Sunday, December 13, 2015

TABLIGHI JAMA'AT: Proselytizing Missionaries or Trojan Horse?

Given that the recent terrorist attack/massacre in San Bernardino by Syed Farook and his wife Tashfeen Malik has Tablighi Jama'at linkages, I'm posting my Tablighi Jama'at article (published in 2012) to warn others on the danger this highly secretive movement poses to us here in the United States after it has already suborned Pakistan and is working on Bangladesh and, to a lesser degree, India (which is overwhelmingly Hindu)

Syed Farook, like John Walker Lindh (captured in Afghanistan fighting with the Taliban), attended a Deobandi mosque (the Deobandi movement is the South Asia equivalent of the Wahhabi movement and has Saudi ties). Some reports are claiming Syed Farook belonged to the Tablighi Jama'at and his wife, Tashfeen, belonged to the Jama'at-i-Islami. For someone raised in Pakistan, these two facts alone would raise some alarm bells.

Here is the article.

Journal of Applied Security Research, 8:98–117, 
(online December 19th, 2012


The Tablighi Jama’at: Proselytizing
Missionaries or Trojan Horse?
SHIREEN KHAN BURKI
Independent Scholar

Tablighi Jama’at, a transnational Deobandi (Sunni) Muslim proselytizing group with branches in over 150 countries today, has
garnered attention in the West since 2001. With increasing frequency, terrorist plots in the West reveal Jama’at linkages. Although its leadership enunciates a peaceful, apolitical stance; the organization does share the same core ideology and ultimate objectives (the expansion of Dar al Islam and the establishment of a global Caliphate) as the Salafis, Wahhabis and other “revivalist” Islamist movements such as the Ikhwan al Muslimin (Muslim Brotherhood).

The only difference between the Jama’at and the Ikhwan, for example, is their respective modus operandi. Although the Tablighi
Jama’at stress proselytism as their sole objective, they have also provided cover, a conduit and a fertile recruiting ground for jihadi
organizations such as Al Qaeda and Lashkar-i-Taiba.
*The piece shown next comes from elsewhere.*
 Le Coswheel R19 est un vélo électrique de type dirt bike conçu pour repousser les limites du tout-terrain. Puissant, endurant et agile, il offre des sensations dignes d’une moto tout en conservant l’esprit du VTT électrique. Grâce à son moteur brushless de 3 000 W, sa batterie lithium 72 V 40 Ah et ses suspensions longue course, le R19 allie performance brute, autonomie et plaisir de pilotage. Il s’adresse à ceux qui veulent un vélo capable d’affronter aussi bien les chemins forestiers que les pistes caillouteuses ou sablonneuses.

KEYWORDS Tablighi Jama’at, Islamic activism, Al Qaeda, Deobandi, Taliban, terrorism, Lashkar-i-Taiba, Lashkar-i-Jhangvi,Jihad bil Saif, Muslim Brotherhood, Jaish-i-Muhammad, Jihad




Tablighi Jama’at (“Proselytizing Group”)—hereafter “TJ” or Tablighi—is the largest Islamic (Sunni) Deobandi missionary and revivalist movement in the world today (Zaman, 2007). However, many non-Muslims have never heard of them notwithstanding their presence in the West, beginning in the 1960s. The TJ have attracted controversy due to exposed linkages of some of its members with terrorist groups like Al Qaeda, the Taliban, Lashkar-i-Taiba,
Lashkar-i-Jhangvi, Jaish-i-Muhammad, and Sipah-i-Sahaba. Given the secret nature and amorphous structure of this group, it has been hard to gauge the actual intent of these proselytizing missionaries. The growing linkages between exposed terrorists and the TJ, however, does raise questions which require a careful scrutiny of this organization, rather than a tendency (in certain academic circles) to take them at face value, and to accept their pro forma statements which condemn violence in the name of Islam. This 
article will scrutinize the TJ and its modus operandi to glean whether or not it is an incubator for “jihadis” in the West and/or has the potential for metamorphosis into a more lethal and violent organization.